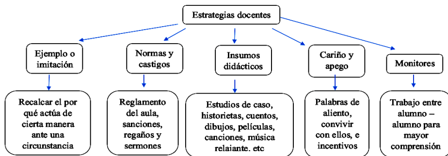
Figura 2. Estrategias docentes.
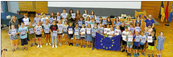
Zahlreiche Schülerinnen und Schüler durften ihre Urkunden und Preise im Landratsamt Calw entgegennehmen.

Weitergehende Informationen rund um den Europäischen Wettbewerb finden sich unter Europäischer Wettbewerb I (europaeischerwettbewerb.de) und Europäischer Wettbewerb › Europa Zentrum (europa-zentrum.de).
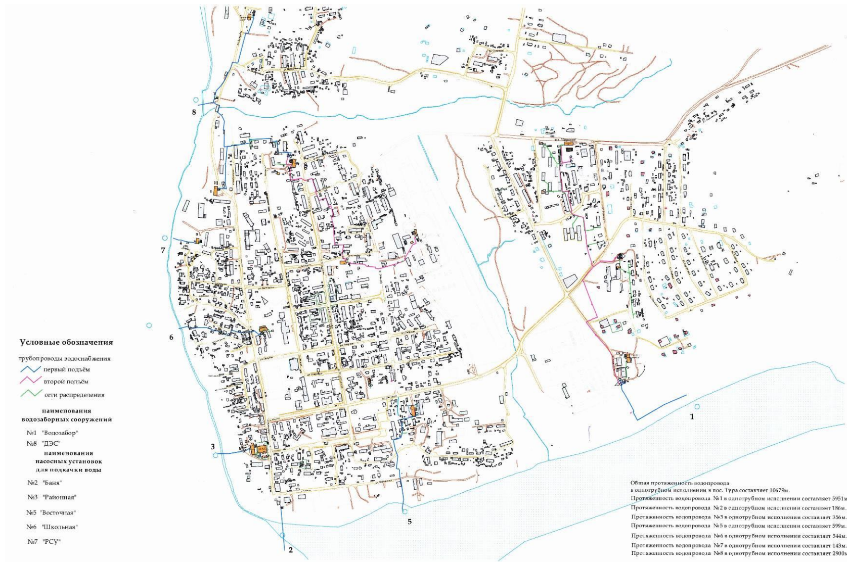
Рисунок 1 – Существующая и перспективная система водоснабжения п. Тура
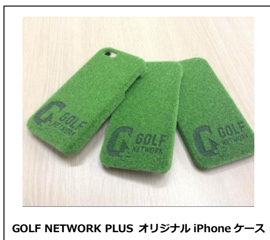
GOLF NETWORK PLUS オリジナル iPhone ケース

※その他、ゴルフネットワークオリジナルグッズ含めて総計50名様にプレゼントを実施。
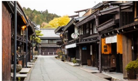
เมืองเก่าซันมาจิ
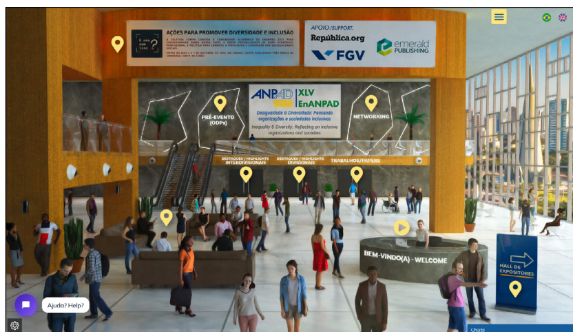
Figura 1. Vista da plataforma virtual de realização do evento.

Como resultado do evento, foram publicados 1.621 trabalhos nos anais eletrônicos do evento, que contou com 2.311 participantes. Os autores dos melhores trabalhos de cada divisão da ANPAD foram premiados, recebendo fast track para a publicação no periódico BAR - Brazilian Administration Review ou na RAC (Revista de Administração)
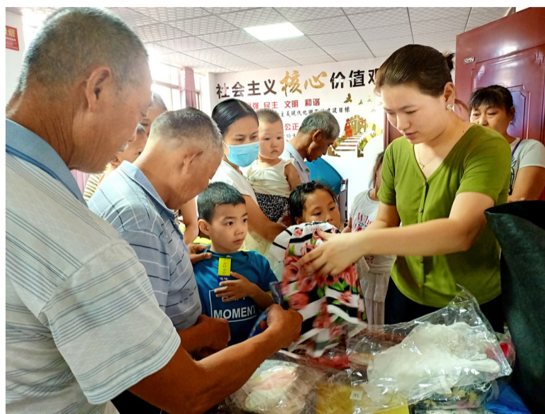
一份关怀,一份情谊。希望媒体和爱心企业、爱心组织、爱心市民多多关注这些困境家庭,为他们送去关怀和温暖。”该负责人说。
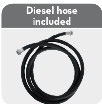
3/4"-14 m (1" - 10 m)

→ PROBLEM STATEMENT: Word for word and without pictures, restate only the lines running from the one that contains "GOLF NETWORK PLUS オリジナル iPhone ケース" through the last line of the listing above.

→ SOLUTION:
GOLF NETWORK PLUS オリジナル iPhone ケース

※その他、ゴルフネットワークオリジナルグッズ含めて総計50名様にプレゼントを実施。
เมืองเก่าซันมาจิ
Figura 1. Vista da plataforma virtual de realização do evento.

Como resultado do evento, foram publicados 1.621 trabalhos nos anais eletrônicos do evento, que contou com 2.311 participantes. Os autores dos melhores trabalhos de cada divisão da ANPAD foram premiados, recebendo fast track para a publicação no periódico BAR - Brazilian Administration Review ou na RAC (Revista de Administração)
一份关怀,一份情谊。希望媒体和爱心企业、爱心组织、爱心市民多多关注这些困境家庭,为他们送去关怀和温暖。”该负责人说。
3/4"-14 m (1" - 10 m)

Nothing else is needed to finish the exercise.